Tuesday, February 9, 2010
#52 - THE GARDEN
On a warm June evening I take Gillian to a wonderfully seedy outdoor place I used to go to in summer in the early sixties. That was before there was universal air conditioning. Amazingly the place is still here – a dilapidated, walled garden with wobbly chairs and tables and strings of colored lights behind a marginal Italian restaurant way down on Sixth.
Twenty five years before this time with Gillian, back in the early sixties when I was briefly a job holder, I would skip out on some summer days and head to this outdoor place. I would meet a fleshy, horny rich girl named Alice whom I had met when she was a bridesmaid and I an usher in the very social wedding of college friends. In the garden, we would get carafe after carafe of wine and serving of things heavy with garlic and oil such as were never known in the Waspy places we came from. Mostly we neglected the food for foreplay.
And now all these years later I am here with Gillian this evening and I am feeling that time is timeless. The colored lights are jolly, though they make me think of heavy drinking days and dark White Rose bars that keep their Christmas decorations up all year round.
I stuff paper napkins under an uneven table leg, like I used to do with match books. Before the antipasto comes, Gillian leads off with a strange invasive question. She asks me what my “truth path” is – as if anyone would know what such a term meant.
I suspect it has to do with platitudinous things that have appeared since I first brought girls here, which was before anyone ever heard the term New Age.
Her truth path, she says, is Tibetan Buddhism. Then, with no conversational lead-in, she is telling me intimate details of her life. She says her father abandoned her when she was coming into puberty, leaving her to a semi-famous, sex-mad mother, a mother who presented herself as Upper East Side old family upper class and who spent her time fucking literary celebrities. Which Gillian thinks may have to do with why she herself has done indiscriminate sex. She has my interest.
I tell her about cases of betrayal and molestation and maybe worse, proven and suspected, that I am discovering in the very proper seeming family I was born into. And then for no clear reason I am telling her how my father was deserted three years ago just before he died, deserted by the people he loved – his wife, my mother, his good son, my twin brother, his rakish sister, my once favorite aunt. No family there except me, the black sheep, and my almost ex-wife. When he lay dying in a third rate Florida hospital, his entire chest an open cancer wound, a cowardly third rate doctor holding back on the morphine for fear of a law suit.

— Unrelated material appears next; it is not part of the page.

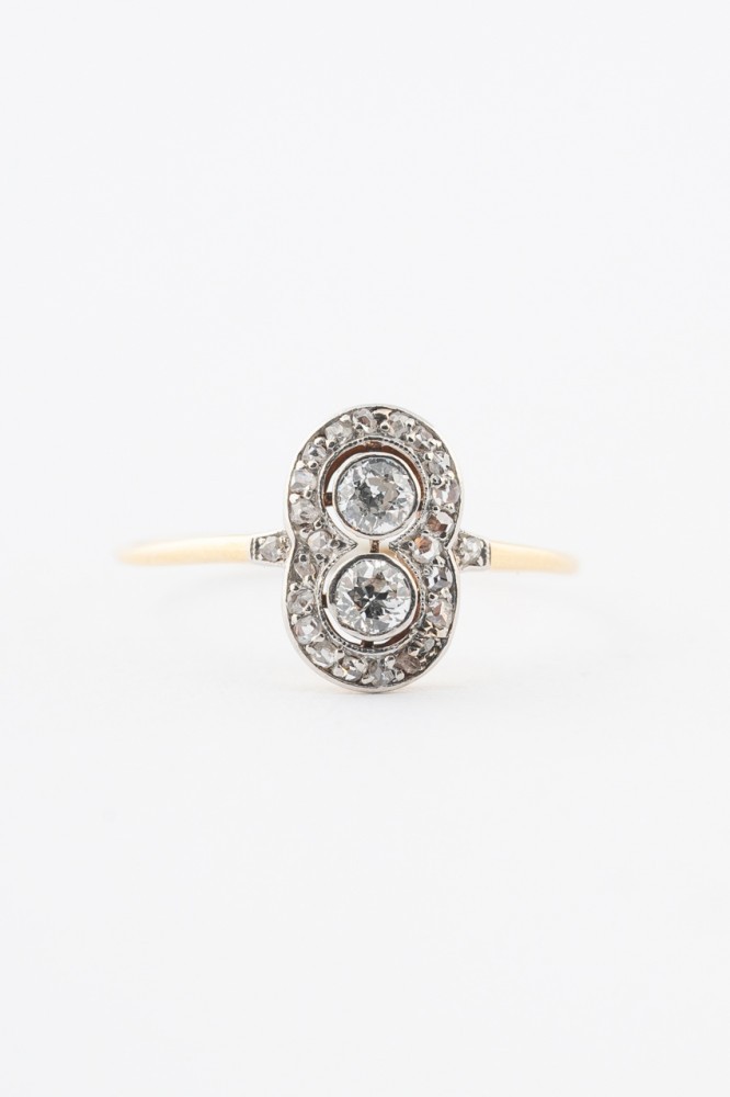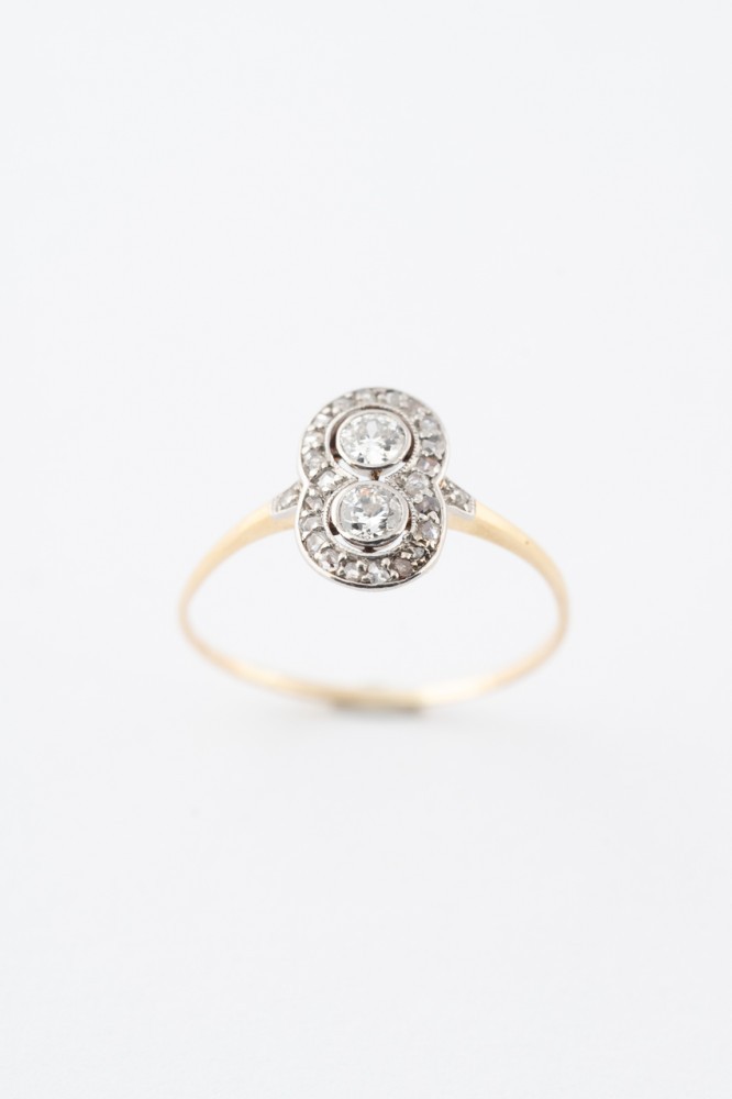 Gouden Art Deco ring met 2 briljanten en 24 diamanten

Suddenly Gillian is in linear didactic mode. Her acquired British accent gets more so as she tells me exactly what happens at death. How you move into something clear cut that does not entail matter. And how Buddhists like her will know precisely what to say to some being who will take you to the other side. Not that there is anything real about either side.
I am wondering how long till the pasta comes. And in my head I am cataloging girlfriends of the past.
I listen but do not tell her anything more about myself. I do not speak of my 15 years in the Far East without a single spiritual experience to relate. I do not tell how I would go through the motions in Buddhist Thailand of praying with Sunisar in front of a sort of garlanded birdhouse in my sandy yard on the Chao Phrya River. Sunisar would have slipped out of her gold lamé night club gown and would be in an equally enticing low slung sarong. Then she might change to tight bright pants and a colorful blouse, and lead me off in a rented sampan to some light and senual celebration at some brightly lit and colored sort of community center temple compound.
No connection at all between these encounters with Buddhism and what Gillian is telling me she experienced when living in a cabin in an orchard in the part of India where the Tibetan exiles live.
I tune out her foolish how-to-die prattle but do not forget the dramatic part about this being an apparently sex ready and certainly appealing girl selling wooden fetish figures on the street.
As if, despite all that is opening up in my life, I am still someone trying to create scenes that could appear in correct fiction.